# Oh! These socks are so cool!



## chickenista (Mar 24, 2007)

https://sites.google.com/site/hbmprintablepatterns/knee-socks

I am perusing old knitting patterns looking for inspiration and I saw these.
Love them!


----------



## chickenista (Mar 24, 2007)

http://handmadebymother.blogspot.com/

Actually the entire site is pretty awesome.
It is NOT the inspiration I was looking for, but I did waste some time here.
Laughing.


----------



## SvenskaFlicka (Nov 2, 2011)

Did you see the socks I knit for Philip a while back?


----------



## chickenista (Mar 24, 2007)

Oh! Those are just gorgeous!
So intricate.


----------



## hotzcatz (Oct 16, 2007)

Great socks! They look toasty warm as well as stylish. Did you spin the yarn? Are they wool? What kind of wool?


----------



## SvenskaFlicka (Nov 2, 2011)

Oh gracious, no, I didn't spin the wool. I'm not quite that good at spinning yet. 

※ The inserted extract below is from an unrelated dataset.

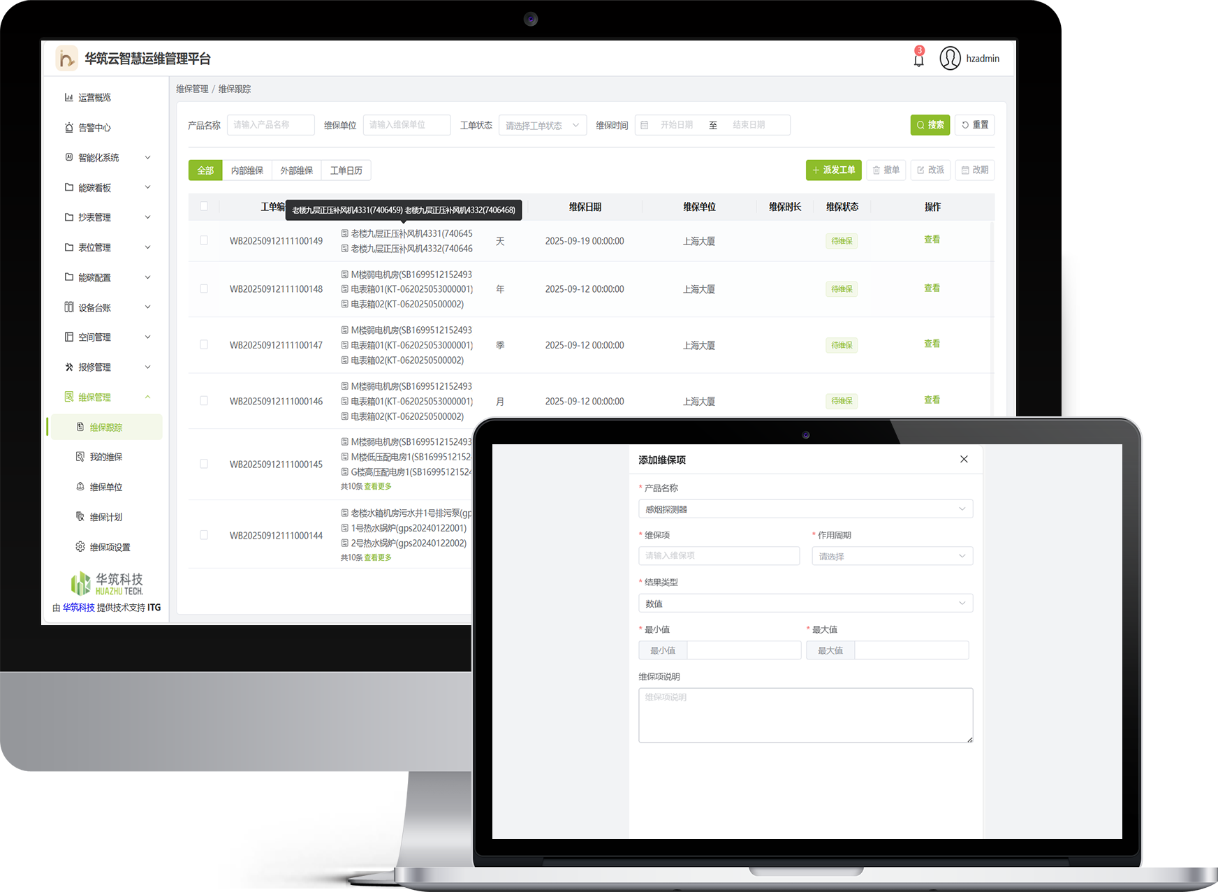 覆蓋報修、處理、驗收、返修的閉環(huán)流程;維保、巡檢、設(shè)備檔案一體化;

They are knit from the Legacy Lace yarn from Brown Sheep Company, which is a Superwash/nylon blend. It just made sense for socks like that. Took me 24 hours of knitting per sock! :teehee:


----------



## Wind in Her Hair (Jul 18, 2002)

incredible knitting, Kelsey! Every time I see those socks, I say "Wow!" :clap: :clap: :clap:


----------



## hotzcatz (Oct 16, 2007)

Hmm, twenty four hours per sock is forty eight hours total. What's minimum wage these days? $7.25 per hour or something? Well, that's for unskilled work anyway, so knitting should be about double that, one would think? How about that plus half since ten is a nice number to play with? So, if you were to knit those up for someone else, they should be priced at $480 plus the cost of the yarn. The folks who knit socks for the farmer's market only get $75 for a pair of socks, but those are just short plain socks, nothing so nifty keen as the ones you made.


----------



## Miz Mary (Feb 15, 2003)

I made these a few years ago ......


----------



## SvenskaFlicka (Nov 2, 2011)

Why can't there be a LOVE button on here?!?


----------



## bergere (May 11, 2002)

I love all those cool looking socks!


----------



## Kasota (Nov 25, 2013)

Utterly beautiful!!! I am impressed!


----------



## PlicketyCat (Jul 14, 2010)

Svenska - did you knit those with double needles or on a wire? My socks never actually look like socks or turn out the same size (still a beginner), so whenever I see gorgeous socks like yours I always wonder what needles they used.


----------



## ajaxlucy (Jul 18, 2004)

These are amazing!


----------



## SvenskaFlicka (Nov 2, 2011)

Plickety" I used size 0 double point needles. Four of them most of the time, but five at the heel.


----------



## PlicketyCat (Jul 14, 2010)

SvenskaFlicka said:


> Plickety" I used size 0 double point needles. Four of them most of the time, but five at the heel.


:bow: I get all flubbed with multiple needles even on simple patterns, so you definitely have my undying admiration for producing two perfectly fitted, identical AND beautiful socks!


----------